I keep running into folks who say, “Oh, I didn’t even FEEL it!” and I wonder at their strength. I know I’m a baby about a lot of things, this is one of them.

Another Class
On a MUCH brighter note, I signed up for another class at the MN Textile Center.

We are SO fortunate here in Minneapolis/St. Paul to have a wealth of museums, fibre and fabric resources and an AMAZING textile center.  The class I took in rug hooking in the Spring was SO exciting for me, so enjoyable.  It’s funny, I felt myself becoming weaker, more tired, with so much pain as the class went on, but I LOVED the class so much.

Now I’ll be taking a class called, “Wearable Art” and I’m really looking forward to utilizing some of the lovely fabrics I’ve been collecting over the past 30 years. Andy will be accompanying me to class as I’m not allowed to drive (too many drugs in my system.)

I’m looking forward to being in the class with Andy, who is beginning to find a love of stitching and fibery things.  Perhaps that’s something else that cancer will give me, a chance to connect with my kid on a whole new level!

I’ve never been shy about explaining how Gerry’s cancer, as scary and terrible as it was/is, was in many ways a gift to our family.  We don’t hesitate to tell each other we love each other, we know that time is never on our side.

So this morning I contemplate a nice amount of hand-sewing to finish my dress, and I ponder how lucky I am in the midsts of such a scary shit-storm of malignancy.  Please don’t think I’m a Pollyanna, I’m having a rough time dealing with many aspects of this journey I’m on, but I KNOW how ungrateful I’d be to NOT recognize how fortunate I am, too!

Fundraiser
We still haven’t heard whether I’m approved for SSDI, but I’m crossing my fingers.  Until then, life is a bit scary because so much of my projected income this year was going to be from classes I was going to teach at various fiber shows.  Add to that the medical expenses (it feels as though every week I’m dropping another $150 or $200 for copays and not-entirely-covered procedures.

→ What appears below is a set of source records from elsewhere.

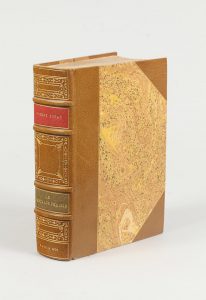 de titre et de tomaison maroquin rouge et vert, data et lieu dorés en queue, caissons ornés aux petits fers et mosaïqués, filet doré aux coupes, tête dorée, couv. et dos conservés [J. Weckesser] (petit frottement sur une coupe en pied). Bel exemplaire de l'édition originale.
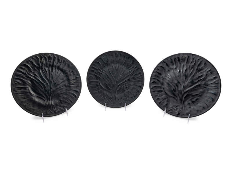 A Group of Three Lalique Colored and Frosted Glass Chargers
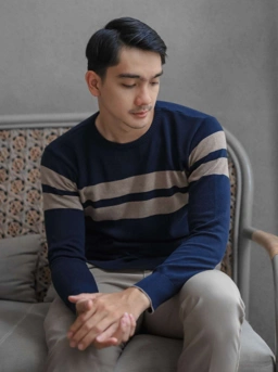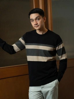 Grey Coffee Crewneck Stripe Blur Knitwear
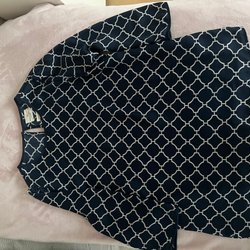 Ljusblus med ett blommönster i svart och vitt. Blusen har en v-ringning och vida ärmar. Från Vero Moda, storlek XL.
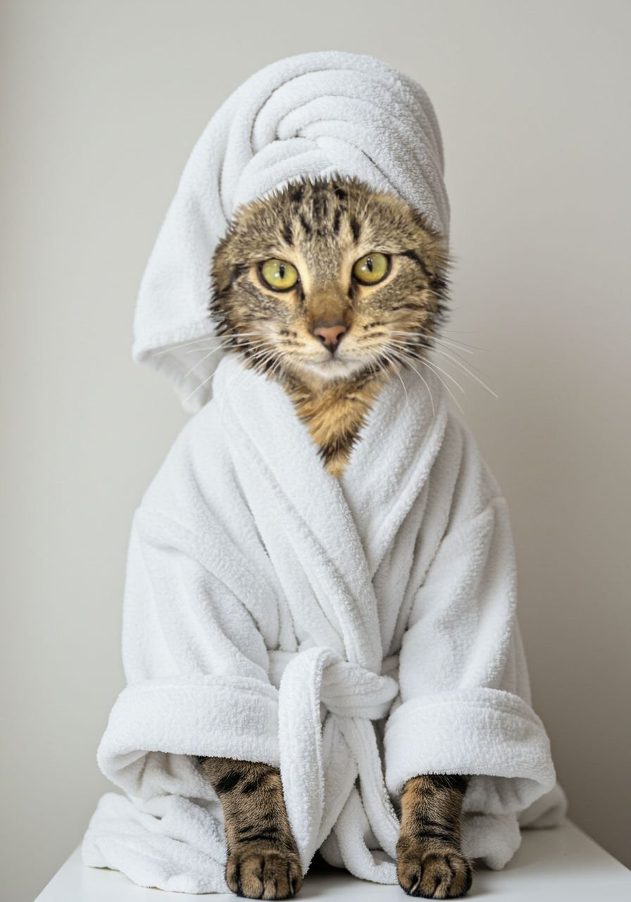 This is an older edit, so I don’t have the original request notes, but it was pretty straightforward. The OP provided a sample of the popular bathroom art photos where you get your pet photoshopped into a towel and/or bathrobe, along with a few photos of the cat.
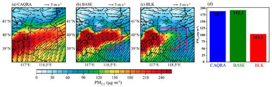 Spatial distributions of ground-level daily PM2.5 concentrations and 10 m wind (black arrows) in Tangshan on 3 December 2016, derived from (a) the CAQRA dataset, and the WRF–Chem (b) BASE run and (c) BLK run. In (d), the daily PM2.5 concentrations in Tangshan (outlined by the purple rectangle in (a–c) are displayed). The red contour delineates the boundary of Tangshan.

If I DO quality for SSDI, the kicker is that it will be at a pretty low rate since I’ve been self employed while caregiving for Gerry for the past 12 years.  In our Social Security System, women who care for family members NEVER get a break, and it stinks.

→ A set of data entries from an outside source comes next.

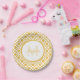 Get your groove on with these modern yellow and white geometric pattern monogram paper plates with trendy tiled circles. Personalise this bold graphic circle design by adding the name and monogrammed initial of the fashionable young woman.
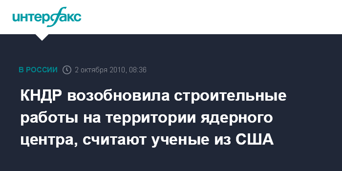 Лондон. 2 октября. ИНТЕРФАКС - Сделанный из космоса фотоснимок свидетельствует о том, что в КНДР решили возобновить строительные работы на территории ядерного центра в Йонбене, считают сотрудники вашингтонского Института научных исследований и международной безопасности.
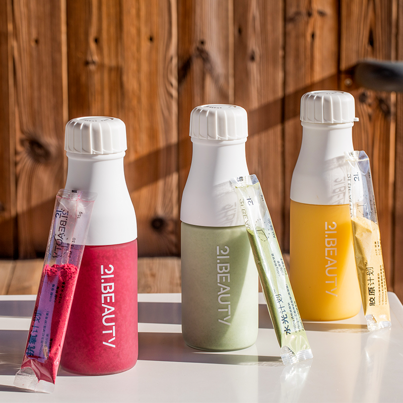果蔬纤维清体品牌21BEAUTY也采用了固体饮料的产品形态。其主打产品是零添加清体果蔬纤维固体饮料,成分由健康的水果蔬菜(比如羽衣甘蓝、菠菜、椰子)和其他健康成分如透明质酸钠、燕窝酸等构成。
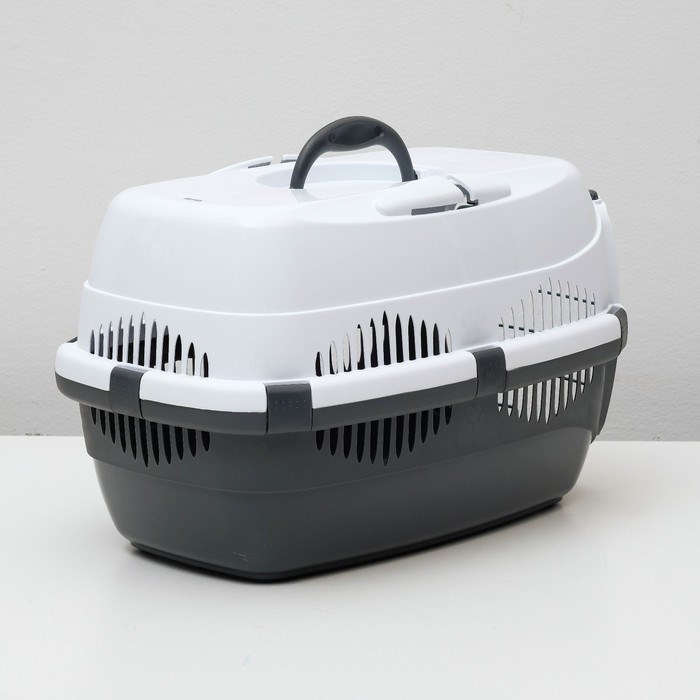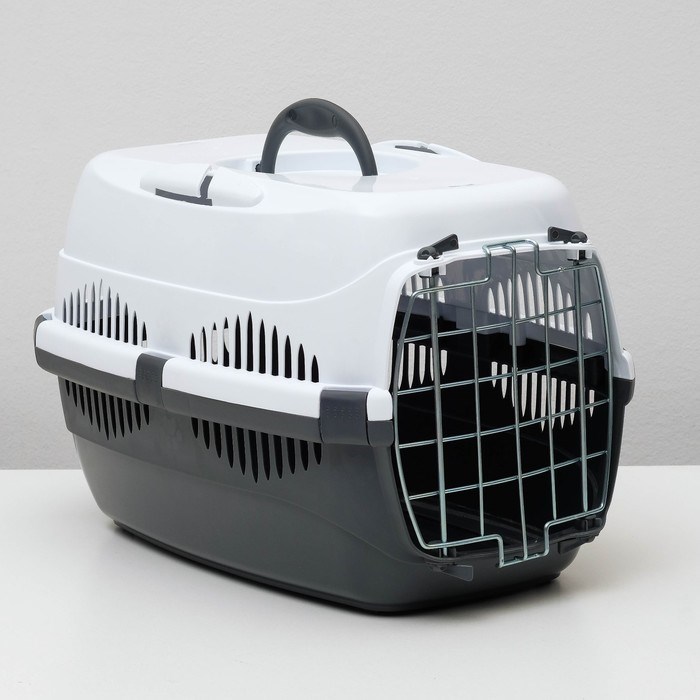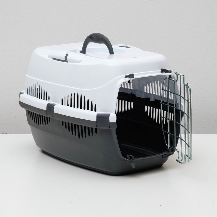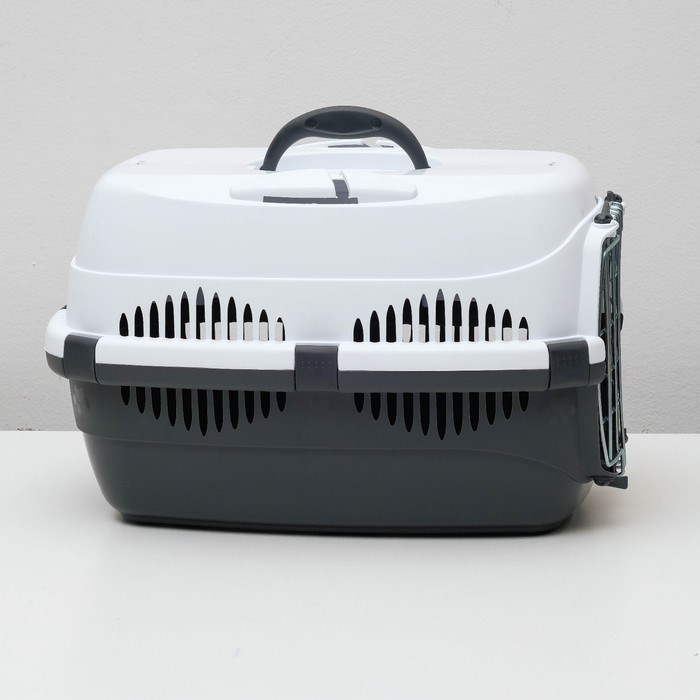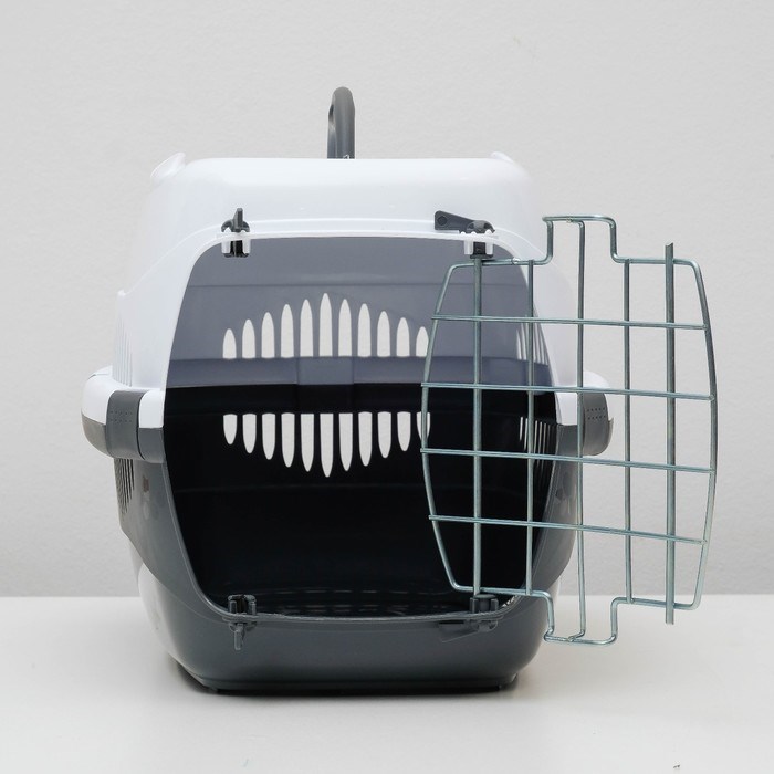 Переноска для животных до 9 кг "Пижон", металлическая дверь, 43 х 29 х 27,5 см, бело-серая
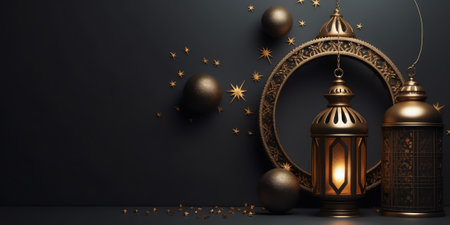 Ramadan background with lanterns, palm leaf and crescent moon on black background. Space for text. Banner.
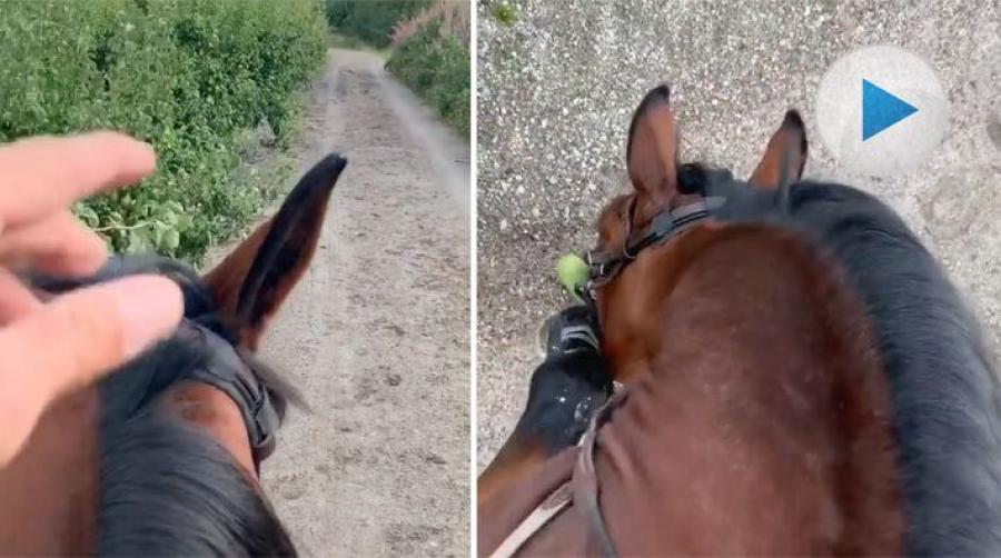 Peder Fredricson kör apportträning med H&M Christian K på ridturen. Peder kastar päron och Christian K hämtar. Belöningen? Att få äta päronet såklart!

Compared to what this adventure MIGHT be without insurance, we are lucky.  But it’s terrifying to see the bank balance go in one direction when I’ve been so used to seeing it rise and fall (like everyone else does, I’m sure!)

When I mentioned that I wanted to do a knit along, I hadn’t really thought it through – especially not as a fundraiser!  But the amazing folks at Mason Dixon Knitting (Hi Kay!! Hi Ann!) picked up on this and put it out there as a quick and easy fundraiser!

That was absolutely brilliant, and so many folks have responded by purchasing the Split Cable Wimple Pattern (currently $4.00 until I start my Chemo)  Thank you to EVERYONE, I can only say how humbled and grateful I am to each of you, and to the exceptionally kind folks who have also donated to my Paypal Fundraiser.  I feel crass even talking about it, but YOU are helping me pay my co-pays.  YOU are helping us put gas in the car for doctor visits.  THANK YOU.